En tous cas, je vous serai reconnaissant de à vous toutes et tous de remplir la boite postale et le courrier électronique de ce Monsieur Nohl avec des messages concernant ce qu’il est en train de me faire subir et qui va au delà d’une condamnation à 14 ans. Il est en train de me tuer ou d’y contribuer très activement, ce qui revient au même. Qu’au moins je purge cette peine sans suppléments spéciaux et qu’il m’enlève cette étiquette de terroriste qu’il m’a apposée et qui ne me correspond en rien.

Une accolade libertaire à touTes les compagnonNEs. Je vous aime.

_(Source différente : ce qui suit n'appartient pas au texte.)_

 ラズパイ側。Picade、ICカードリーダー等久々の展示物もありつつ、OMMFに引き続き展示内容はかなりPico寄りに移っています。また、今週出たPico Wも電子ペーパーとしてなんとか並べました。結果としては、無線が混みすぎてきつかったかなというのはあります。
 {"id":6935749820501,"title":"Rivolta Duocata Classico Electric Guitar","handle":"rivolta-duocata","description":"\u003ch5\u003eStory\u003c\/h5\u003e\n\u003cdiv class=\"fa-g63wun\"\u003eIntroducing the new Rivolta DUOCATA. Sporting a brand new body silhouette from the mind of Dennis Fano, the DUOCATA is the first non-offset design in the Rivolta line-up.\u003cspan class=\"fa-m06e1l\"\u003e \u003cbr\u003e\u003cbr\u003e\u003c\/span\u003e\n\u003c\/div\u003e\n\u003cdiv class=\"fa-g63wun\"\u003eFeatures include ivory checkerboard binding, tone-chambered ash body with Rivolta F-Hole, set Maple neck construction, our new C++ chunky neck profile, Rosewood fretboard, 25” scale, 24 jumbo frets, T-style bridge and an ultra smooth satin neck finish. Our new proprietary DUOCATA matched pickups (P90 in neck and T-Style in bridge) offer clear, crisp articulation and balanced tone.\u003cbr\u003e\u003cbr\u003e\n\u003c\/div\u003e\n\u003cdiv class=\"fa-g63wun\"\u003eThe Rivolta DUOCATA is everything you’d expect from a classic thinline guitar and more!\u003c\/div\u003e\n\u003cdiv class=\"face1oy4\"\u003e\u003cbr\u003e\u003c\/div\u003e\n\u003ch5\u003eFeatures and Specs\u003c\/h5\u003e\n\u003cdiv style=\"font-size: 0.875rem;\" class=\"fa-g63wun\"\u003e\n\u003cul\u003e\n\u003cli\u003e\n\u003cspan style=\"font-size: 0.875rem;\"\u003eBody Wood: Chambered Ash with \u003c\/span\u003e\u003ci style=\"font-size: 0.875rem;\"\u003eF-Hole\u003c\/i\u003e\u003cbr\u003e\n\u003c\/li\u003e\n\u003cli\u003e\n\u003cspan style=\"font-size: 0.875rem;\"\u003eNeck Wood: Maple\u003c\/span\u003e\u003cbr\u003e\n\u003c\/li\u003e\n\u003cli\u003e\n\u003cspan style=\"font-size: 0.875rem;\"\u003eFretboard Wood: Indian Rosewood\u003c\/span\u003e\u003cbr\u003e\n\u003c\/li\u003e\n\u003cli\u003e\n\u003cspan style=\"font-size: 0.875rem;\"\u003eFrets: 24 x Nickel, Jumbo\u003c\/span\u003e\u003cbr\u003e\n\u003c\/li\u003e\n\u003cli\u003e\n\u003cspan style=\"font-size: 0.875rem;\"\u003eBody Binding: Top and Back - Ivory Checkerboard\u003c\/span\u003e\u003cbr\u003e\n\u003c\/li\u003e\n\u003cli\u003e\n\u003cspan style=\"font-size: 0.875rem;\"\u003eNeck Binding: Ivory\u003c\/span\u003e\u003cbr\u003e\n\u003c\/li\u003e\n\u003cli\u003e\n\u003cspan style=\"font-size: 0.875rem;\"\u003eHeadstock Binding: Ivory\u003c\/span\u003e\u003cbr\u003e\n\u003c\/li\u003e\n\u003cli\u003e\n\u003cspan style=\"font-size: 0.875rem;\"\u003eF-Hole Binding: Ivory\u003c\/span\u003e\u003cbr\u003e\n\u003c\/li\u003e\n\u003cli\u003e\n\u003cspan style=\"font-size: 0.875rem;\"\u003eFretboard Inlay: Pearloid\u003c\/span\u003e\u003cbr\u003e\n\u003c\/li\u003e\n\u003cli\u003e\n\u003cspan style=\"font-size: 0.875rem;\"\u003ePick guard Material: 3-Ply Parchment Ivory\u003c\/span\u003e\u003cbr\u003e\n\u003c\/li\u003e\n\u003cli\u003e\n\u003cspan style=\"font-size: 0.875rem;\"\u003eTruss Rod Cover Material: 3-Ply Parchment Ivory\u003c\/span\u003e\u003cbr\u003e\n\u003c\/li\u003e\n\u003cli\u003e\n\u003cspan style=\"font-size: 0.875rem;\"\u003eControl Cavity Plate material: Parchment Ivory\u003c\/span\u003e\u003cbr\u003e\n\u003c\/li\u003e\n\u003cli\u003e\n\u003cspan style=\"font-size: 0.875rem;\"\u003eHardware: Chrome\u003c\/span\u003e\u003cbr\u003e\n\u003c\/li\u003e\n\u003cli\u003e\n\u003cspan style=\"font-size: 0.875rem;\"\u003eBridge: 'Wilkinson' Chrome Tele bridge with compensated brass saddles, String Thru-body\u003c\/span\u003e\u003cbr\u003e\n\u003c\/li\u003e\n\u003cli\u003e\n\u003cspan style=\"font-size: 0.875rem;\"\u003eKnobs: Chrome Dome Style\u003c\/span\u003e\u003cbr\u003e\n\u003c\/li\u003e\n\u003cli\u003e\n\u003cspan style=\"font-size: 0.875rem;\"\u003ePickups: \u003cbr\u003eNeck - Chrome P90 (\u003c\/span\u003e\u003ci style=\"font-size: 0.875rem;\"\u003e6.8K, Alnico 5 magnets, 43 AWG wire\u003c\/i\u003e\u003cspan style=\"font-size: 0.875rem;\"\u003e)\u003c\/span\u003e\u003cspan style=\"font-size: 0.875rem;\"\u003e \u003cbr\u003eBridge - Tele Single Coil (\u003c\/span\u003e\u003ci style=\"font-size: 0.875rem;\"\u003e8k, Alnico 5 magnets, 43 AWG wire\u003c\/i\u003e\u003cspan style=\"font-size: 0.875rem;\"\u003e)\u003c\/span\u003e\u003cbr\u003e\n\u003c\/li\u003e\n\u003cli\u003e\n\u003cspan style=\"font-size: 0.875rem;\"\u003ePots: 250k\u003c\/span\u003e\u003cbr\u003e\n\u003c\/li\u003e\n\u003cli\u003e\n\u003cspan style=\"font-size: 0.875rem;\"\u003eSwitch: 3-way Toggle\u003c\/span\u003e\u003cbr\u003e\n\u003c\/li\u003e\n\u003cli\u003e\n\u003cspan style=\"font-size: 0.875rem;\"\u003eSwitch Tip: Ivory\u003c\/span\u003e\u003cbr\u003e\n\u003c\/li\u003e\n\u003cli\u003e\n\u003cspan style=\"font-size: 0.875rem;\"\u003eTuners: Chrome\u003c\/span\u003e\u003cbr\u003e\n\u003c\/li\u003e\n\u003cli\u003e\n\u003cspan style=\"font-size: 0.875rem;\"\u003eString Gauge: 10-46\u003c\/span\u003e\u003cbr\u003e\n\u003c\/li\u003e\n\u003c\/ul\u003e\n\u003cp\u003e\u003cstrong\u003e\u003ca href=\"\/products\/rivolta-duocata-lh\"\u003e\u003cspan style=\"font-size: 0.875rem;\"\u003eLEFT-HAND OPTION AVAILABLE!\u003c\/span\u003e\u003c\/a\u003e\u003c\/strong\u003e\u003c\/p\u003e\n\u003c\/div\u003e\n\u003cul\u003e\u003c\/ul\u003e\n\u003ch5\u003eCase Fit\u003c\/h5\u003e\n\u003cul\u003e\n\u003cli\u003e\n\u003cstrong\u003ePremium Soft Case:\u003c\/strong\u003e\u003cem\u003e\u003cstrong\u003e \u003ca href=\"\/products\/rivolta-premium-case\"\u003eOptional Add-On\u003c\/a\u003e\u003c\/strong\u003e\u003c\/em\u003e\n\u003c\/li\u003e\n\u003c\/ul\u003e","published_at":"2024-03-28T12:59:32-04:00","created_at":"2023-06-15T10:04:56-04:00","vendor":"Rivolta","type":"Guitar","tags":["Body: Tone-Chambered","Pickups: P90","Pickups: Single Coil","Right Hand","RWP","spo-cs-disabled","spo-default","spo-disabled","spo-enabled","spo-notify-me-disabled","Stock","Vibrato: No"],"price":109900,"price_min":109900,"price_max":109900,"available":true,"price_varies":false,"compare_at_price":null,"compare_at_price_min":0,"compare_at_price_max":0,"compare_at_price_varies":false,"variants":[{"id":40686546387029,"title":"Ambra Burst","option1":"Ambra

Une psychiatre vient de quitter la cellule. Je lui ai parlé à poil. Je lui ai dit que je n’étais pas exhibitionniste, mais que tant qu’ils ne me donneraient pas mes caleçons avec le reste de mes affaires, je supporterai ça ici jusqu’à la mort. Je lui ai posé mes exigences, après lui avoir assuré que je n’avais pas non plus besoin de psychiatres. Seulement de pouvoir me retrouver dans des conditions plus dignes. Je me sens très vulnérable face à tout ce qu’ils me font vivre depuis ces 16 mois que dure ma détention. Toujours enfermé en cellule ave très peu de contacts ave les autres prisonniers, bâillonné au tribunal tout le temps qu’a duré le procès, les transferts, et finalement obligé de protester contre l’isolement en faisant une grève de la faim et de la soif. CompagnoNEs, s’il vous plaît, je ne sais pas comment fonctionne la machine justicière ici, mais j’exige que soient respectés mes droits d’homme et de personne pour accomplir cette peine que l’on m’impose dans des conditions d’une dignité minimum. Qui applique ce critère d’isolement absolu à mon encontre ?

Une autre grande accolade à toutes et tous.

Aujourd’hui c’est moi, mais demain ou bientôt qui d’autre ? Solidarité !!!